#### EXERCISE DATA

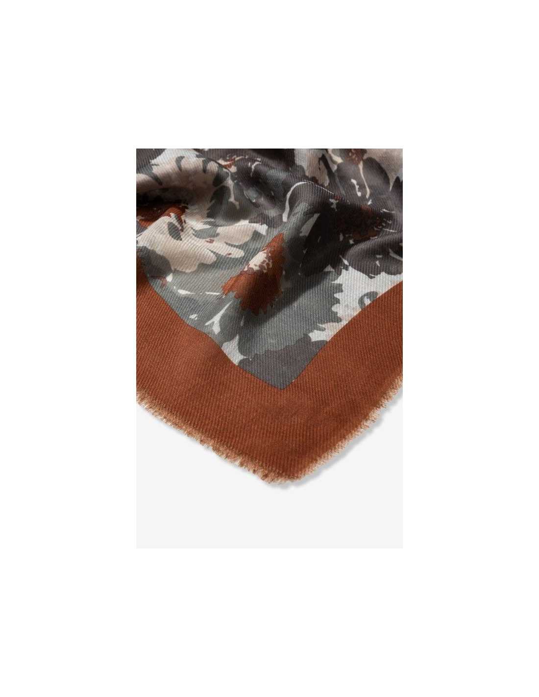 Pañuelo estampado flores rectangular y bajo deshilachado.
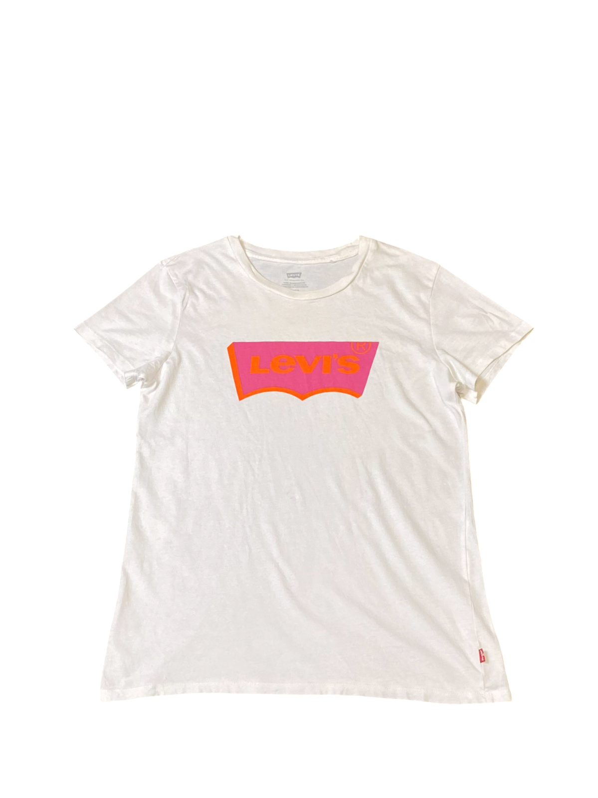 Levi's Shirt Womens Small White Batwing Logo Short Sleeve Classic Crew Neck Tee
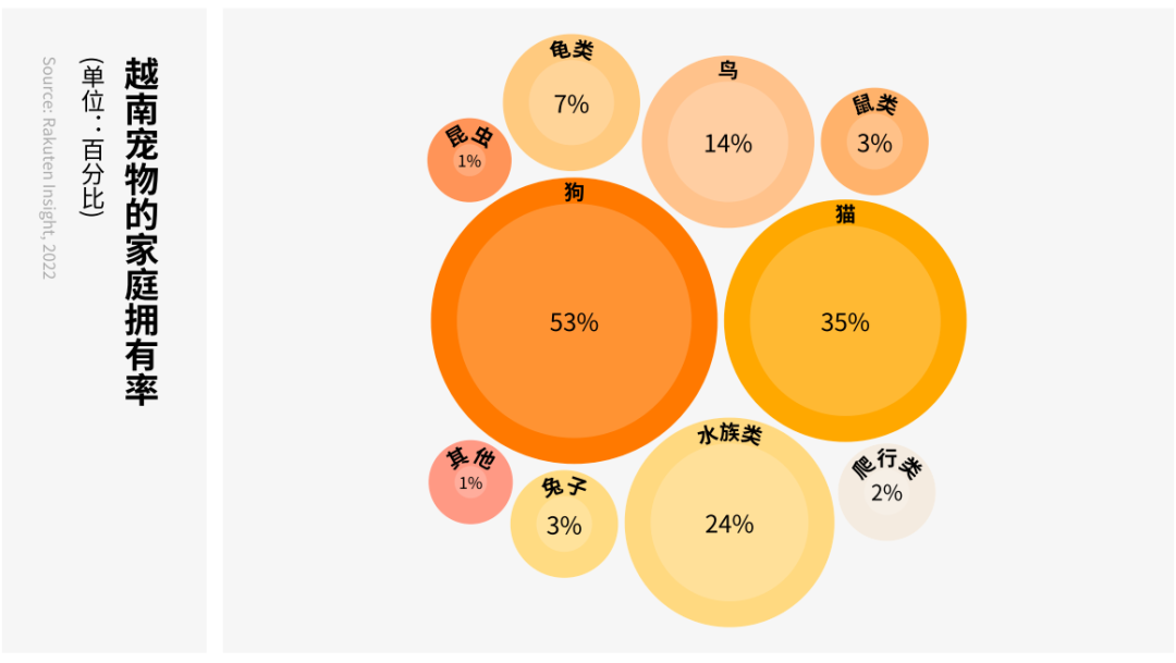 在寵物家庭擁有率上,越南寵物犬為53%、寵物貓為35%,其次是水族類(24%)、鳥類(14%)。

########

Omit the pictures, then output the rest of the listing exactly.

 Pañuelo estampado flores rectangular y bajo deshilachado.
 Levi's Shirt Womens Small White Batwing Logo Short Sleeve Classic Crew Neck Tee
 在寵物家庭擁有率上,越南寵物犬為53%、寵物貓為35%,其次是水族類(24%)、鳥類(14%)。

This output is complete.